TikTok brought a statutory appeal under the Data Protection Act 2018. The High Court had granted a stay on the first two elements of the DPC’s direction, namely the suspension of transfers and the compliance direction, pending the full statutory appeal. The fines were automatically stayed when the proceedings began.
The DPC appealed the High Court’s decision to grant the stay. The central issue before the Supreme Court was what legal test should apply when a company seeks to suspend the effect of a regulatory decision of this kind. The DPC argued that the ordinary Irish test for stays should not apply because of the EU-wide effect of the decision. It submitted that a test developed by the Court of Justice of the European Union should govern the application instead.
Mr Justice Brian Murray, delivering judgment, held that the test governing a stay on a DPC decision of this kind is a matter of national law rather than EU law. The Court also declined to refer a question to the Court of Justice of the European Union, finding that the proper resolution of the issue was sufficiently clear.
However, the Court also stressed that stays on regulatory decisions intended to protect users’ rights should be viewed as exceptional.
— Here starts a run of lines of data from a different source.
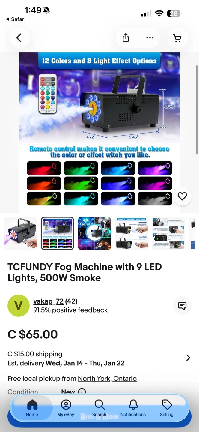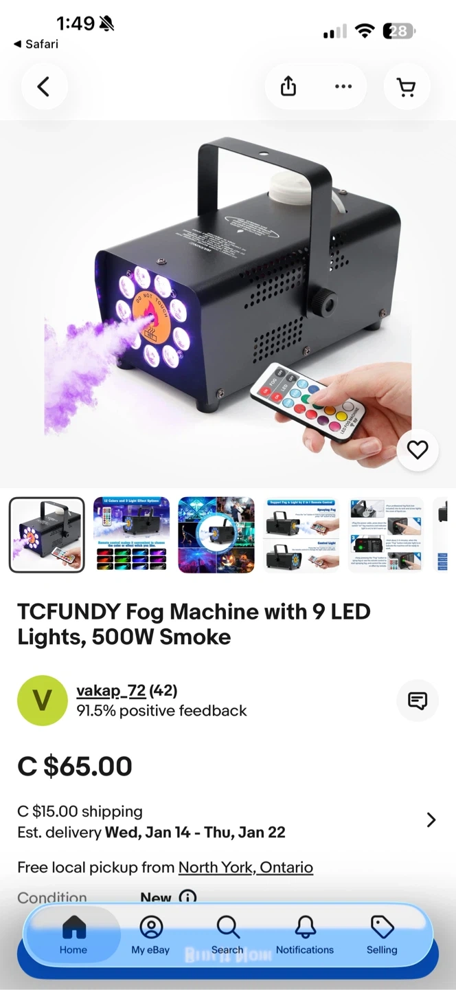 Selling a brand new TCFUNDY fog machine with 9 LED lights. It produces 500W of smoke and has 12 colours and 3 light effect options. It also comes with a remote to control the colour or effect you like
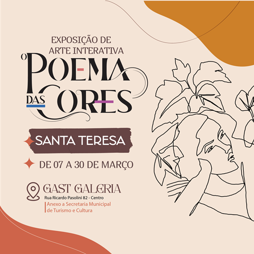 Local: Galeria de Arte de Santa Teresa (GAST), localizada na sede da Secretaria Municipal de Turismo e Cultura - Rua Ricardo Pasolini, 82, Centro, Santa Teresa.
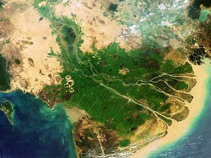 El satélite Envisat muestra la desembocadura del Mekong en tierras vietnamitas
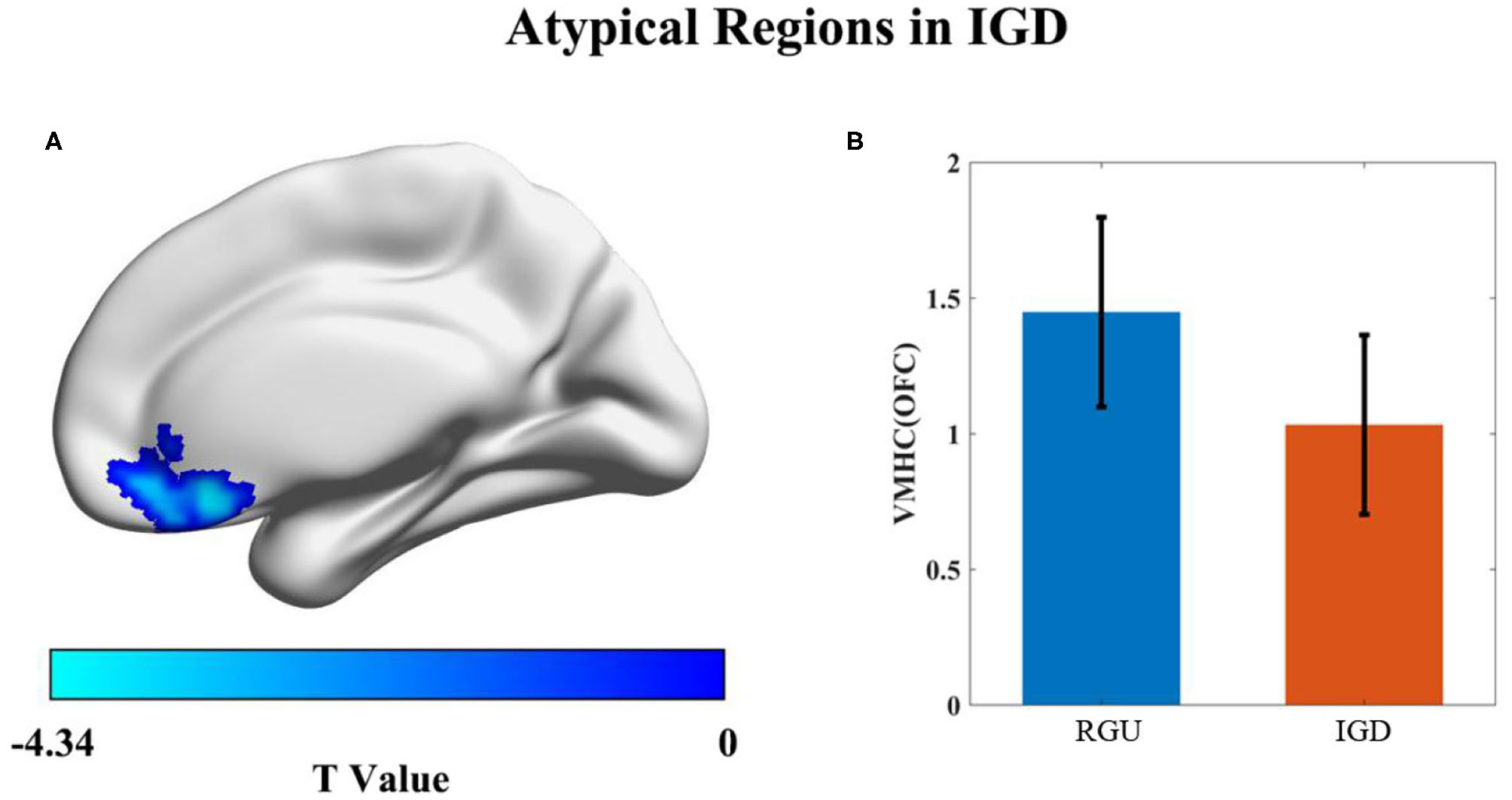 Differences in VMHC value between the IGD and RGU groups durinresting state. p < 0.05 (AlphaSim correction). Voxel size = 3 × 3 × 3 mm3, the blue color represents the VMHC decreased area in the IGD group compared with the RGU group (A). Histogram (B) shows the mean and standard deviation of VMHC values in the two groups.

It said such a stay should “only very rarely, if ever” be granted unless the applicant has established a strong case. Where that threshold is met, the court must balance the harm to the applicant if a stay is refused against the public interest and the rights of third parties if a stay is granted.
The Supreme Court dismissed the DPC’s appeal but allowed the stay granted by the High Court to continue unless the DPC applies to have the matter revisited. The judgment means TikTok retains the benefit of the High Court stay for now, but the Court’s reasoning sets a demanding test for similar future applications.
The ruling is likely to be closely read by technology companies, regulators and data-protection lawyers. It does not decide TikTok’s full statutory appeal against the DPC enforcement decision. Instead, it clarifies the legal framework for interim stays where a regulated company seeks to suspend the effect of a major data-protection decision while litigation is ongoing.
The judgment is significant because it balances two competing concerns. On one side is the need for companies to avoid potentially irreversible consequences before their appeal is heard. On the other is the public interest in allowing regulators to enforce decisions intended to protect users’ data rights. The Supreme Court’s message is that such stays remain available, but only in rare and carefully justified cases.